ST. PAUL -- Minnesota Gov. Mark Dayton on Wednesday said he is deeply concerned that a state staffer working on pipeline issues may have "really crossed the line" into advocacy against one such project.

ST. PAUL - Minnesota Gov. Mark Dayton on Wednesday said he is deeply concerned that a state staffer working on pipeline issues may have “really crossed the line” into advocacy against one such project.

“Somebody who’s behind the scenes crossing over the regulatory line and taking one side or another is very inappropriate,” the governor said.
The governor was addressing emails from Minnesota Pollution Control Agency regulator Scott Lucas regarding the proposed Sandpiper oil pipeline, slated to bring crude across northern Minnesota to Wisconsin.

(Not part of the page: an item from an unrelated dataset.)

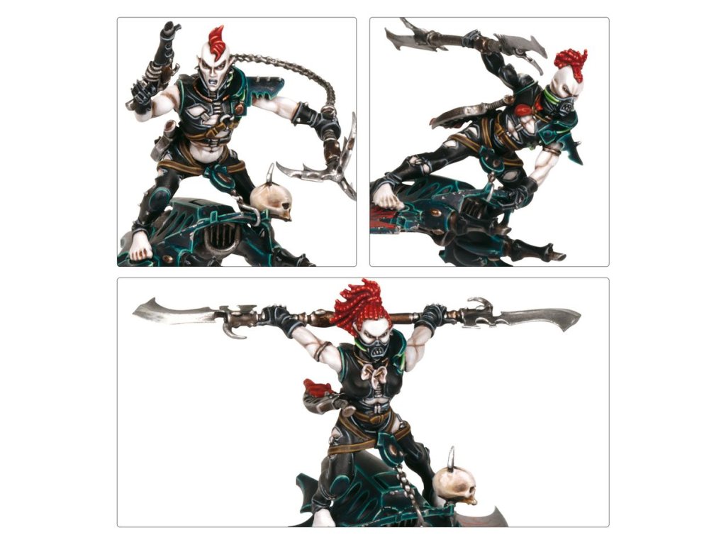 The Helliarch of the Hellions can replace their hellglaive with a splinter pistol, and stunclaw or power weapon. The other members of the unit each have a choice of two heads, and there are further optional cosmetic extras, including skulls, to further personalise your hunting gang.

In one email, Lucas highlighted a report that he said “could be a very useful tool for us to use when making our case against Sandpiper in this area of the state.” In another, he asks if a public meeting involved “much BS on behalf of Enbridge.” Enbridge is the company seeking to build the pipeline. The email recipients included a large group of people with environmental concerns about the proposed pipeline.
The Minnesota Pollution Control Agency launched an investigation into Lucas’ emails and behavior after the Pioneer Press inquired about them Tuesday. Republican pipeline supporters say they show that the Dayton administration is acting against needed developments. State officials said the emails caused concern that Lucas may not be the impartial regulator he is supposed to be.
“I take it very seriously, and most importantly, because the integrity of a regulatory agency like the Minnesota Pollution Control Agency is (based on) the fairness and objectivity of the people who uphold those laws and regulations,” Dayton said.
The Democratic-Farmer-Labor governor has steadfastly said he supports the Sandpiper pipeline.
Republican lawmakers said they see Lucas’ emails as clear evidence that Dayton’s administration has opposed the pipeline.
House Speaker Kurt Daudt said he has long been concerned that the administration has delayed Sandpiper but, until seeing the emails, “We had no idea to the level that it went.”
Daudt, R-Crown, said he views the emails as “pretty damning evidence” that people with the administration had conspired with those who opposed the project. He said he believes that a full investigation of Lucas and other staffers would find other staffers behaved similarly.